Saturday, 20 February 2010

The Party of Everyone

I think this [pre-emptive] counterpunch from Cameron against Brown's intelligence-insulting waffle, bluster and lies today is brilliant. Readers might disagree, but whatever you think about it, it's powerful politics that puts Brown firmly in his place. As Tory Outcast says, if nothing else, it is a perfect deconstruction of what appears to be Labour's only line of attack.


If I were a Labourist watching this, I would be very, very worried, not least because Cameron is sincere, comfortable in front of the camera and is starting to move with conviction on policy, whereas, by stark contrast, Brown looks tired, overwrought and increasingly desperate. He sounds shrill, unconvincing and seriously unpleasant. His negative, anti-Tory, campaign - and it looks like that really is all he has to offer - simply cannot compete with Cameron's earnest, though cautious, optimism. It's not even in the same division, politically.

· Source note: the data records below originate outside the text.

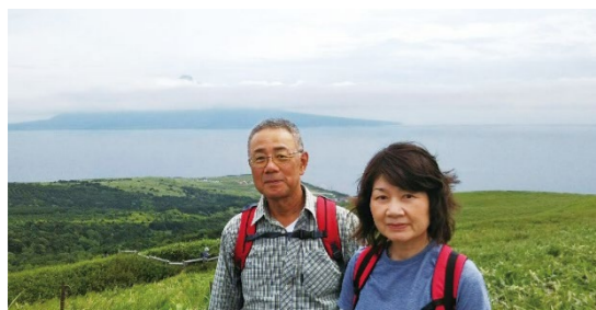
礼文島からの利尻富士

その後は新型コロナウイルス感染拡大防止により、県外への旅行が自粛要請されて、ここ2年間は取止めてしていました。今年こそは再開して、登山旅行に出かけたいと思います。安全と健康を祈念して、歩くことができる事に感謝します。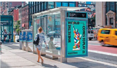
●紐約展示世界盃宣傳海報。

特朗普在本月初的分組抽籤儀式上，獲國際足協頒發新設立的和平獎，有批評者抨擊這種互相矛盾的信息令人震驚。國會參議院外交關係委員會成員、馬里蘭州民主黨參議員范霍倫批評，世界盃本應是世界各國團結、擱置分歧的象徵，但特朗普卻試圖將世界拒之門外，與世盃精神背道而馳。由於擔憂簽證問題或出於對特朗普的不滿，部分球迷已放棄前往美國，將轉往加拿大或墨西哥觀賽。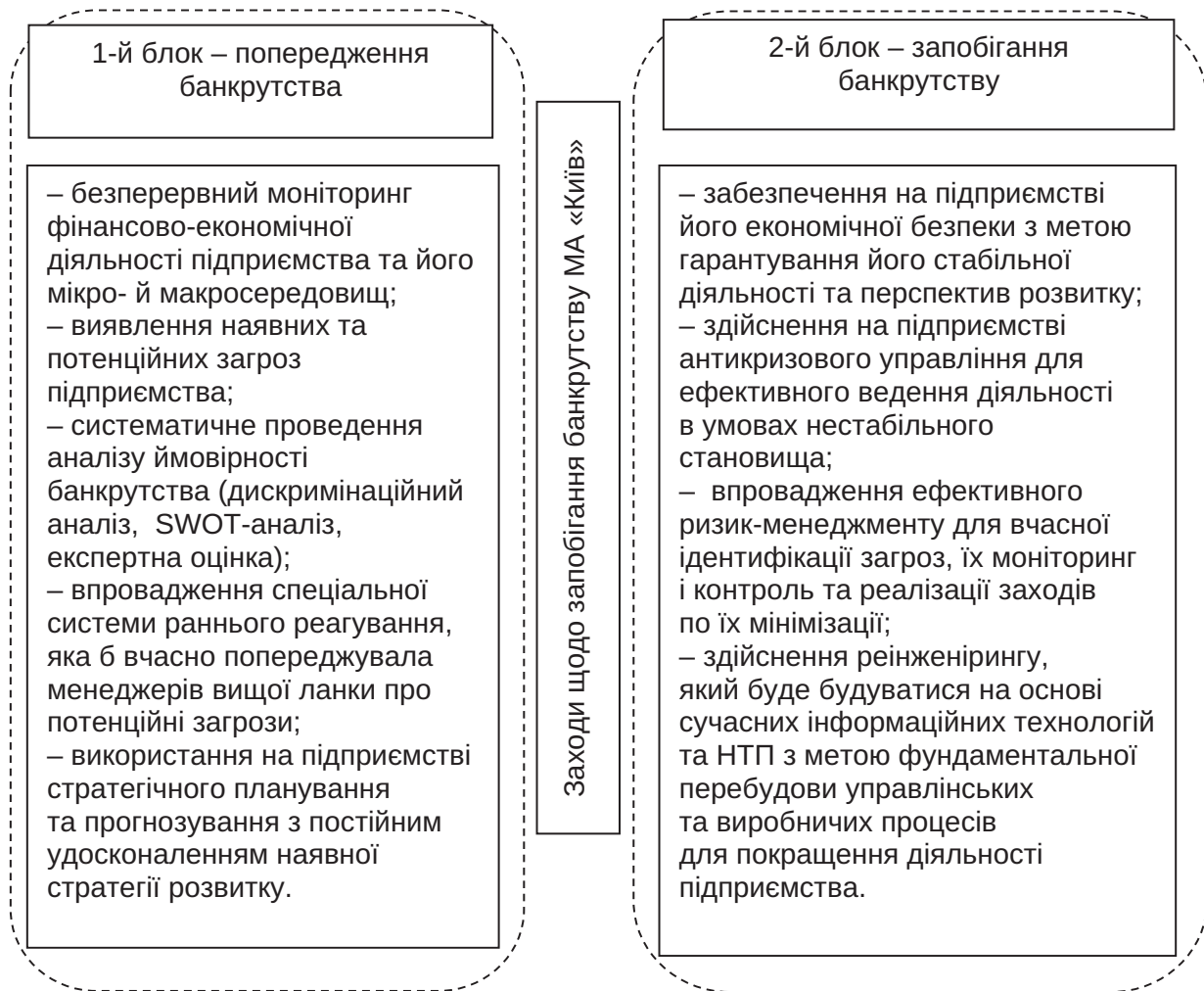
Рис. 3. Заходи запобігання банкрутству МА «Київ» (Жуляни)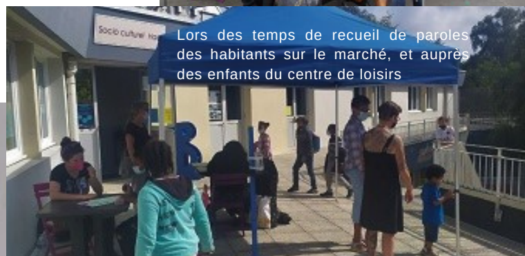
Lors des temps de recueil de paroles des habitants sur le marché, et auprès des enfants du centre de loisirs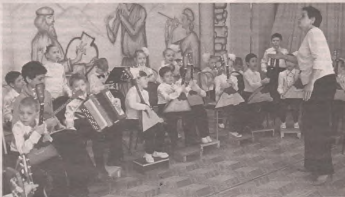
■ В гимназии научат всему, даже игре на балалайке.

Многих сейчас волнует вопрос: насколько конкурентоспособен одиннадцатиклассник, на какую форму обучения он может претендовать – коммерческую или бюджетную? Ответим: за последние три года 98% выпускников гимназии № 8 поступают в вузы, причем 70% из них на бюджетной основе. Гимназия № 8 славится тем, что полученные здесь знания и отметки выдерживают различные экзаменационные проверки. Если это четверка – то настоящая, если золото – то самой высокой пробы. Может быть, на фоне некоторых школ города количество медалистов и не очень велико – зато какие это дети! Ученики гимназии ежегодно являются победителями и призерами олимпиад, конкурсов, выставок различного уровня.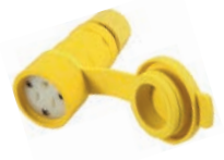
CONECTOR 2X15A 125V L/T A PRUEBA DE AGUA WETGUARD®

"Britain is still great but badly damaged" after thirteen years of Labour failure and misrule is a powerful message that will be very, very difficult for Labour to challenge, given the scale of the economic disaster we are facing, thanks chiefly to Brown. (A 10.1% structural deficit, for instance, is unprecedented and has nothing to do with the recession, and everything to do with economic incompetence on a truly astonishing scale.)

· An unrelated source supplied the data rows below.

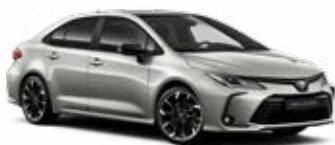
2VF Sivá – Dynamic s čiernou strechou Metalický lak pre GR SPORT bez príplatku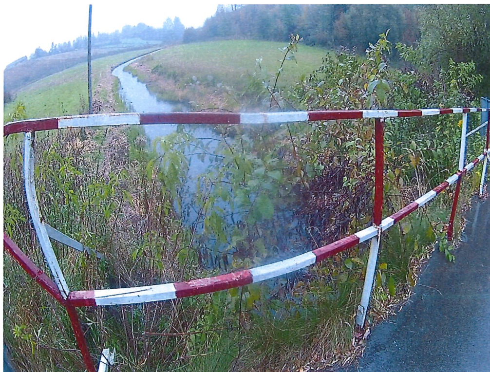
Fot. 2. Deformacja bariery dla pieszych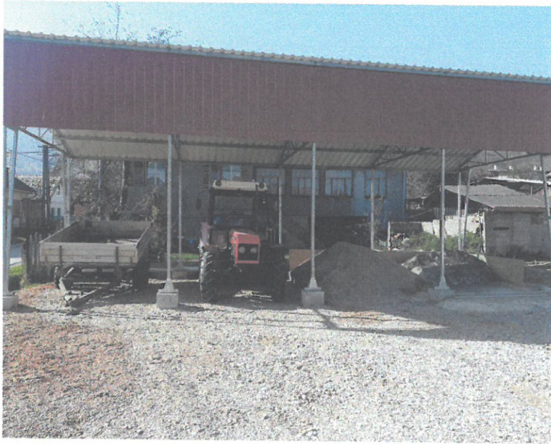
Parkovisko pre obecný traktor a autobus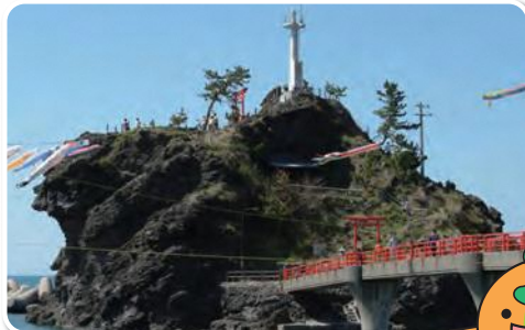
弁天岩 Benten-iwa Rock

This rock, located just off the coast, has long been worshipped as a shrine of the goddess Ichikishimahime-no-mikoto , also known as Benzaiten, a goddess of navigation and the sea. Just as Benzaiten guided sailors back to port, so does the lighthouse which stands on top of this rock. This lighthouse was designated one of Japan's Romantic Lighthouses in 2016. When exploring this rock take a close look and you can see how it is made of rugged rocks and cooled magma and hardened ash.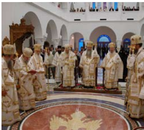
Alla biskopar samlade för liturgi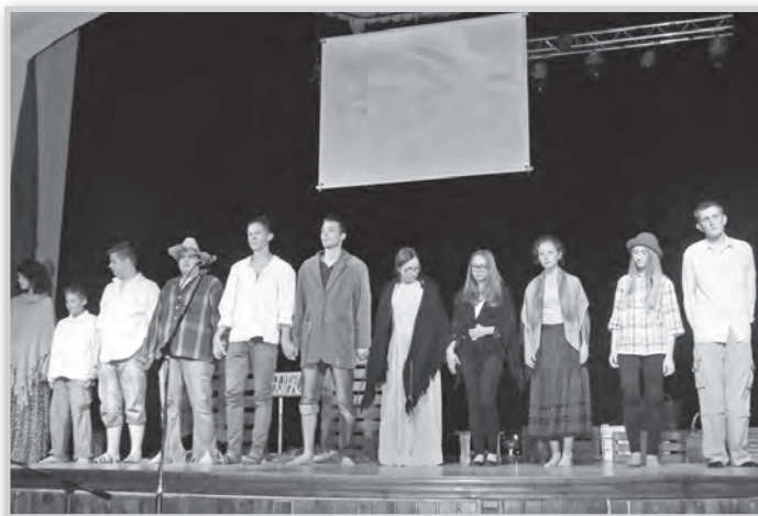
A Sztárai gimnázium színjátszói legutóbb, június 4-én a trianoni megemlékezésen léptek fel

When Brown laughably growls about the desperate need for "change" it plays right into Cameron's hands, as we can see from this webcast, because millions of people are likely to reach the same conclusion, given this government's cataclysmically terrible record on just about everything with which it has fiddled and meddled, and kick Brown and Labour decisively out.

Checkmate.

5 comments:

  1. Ultimately, this is why he'll succeed at the election. He's just better at being prime ministerial than Brown.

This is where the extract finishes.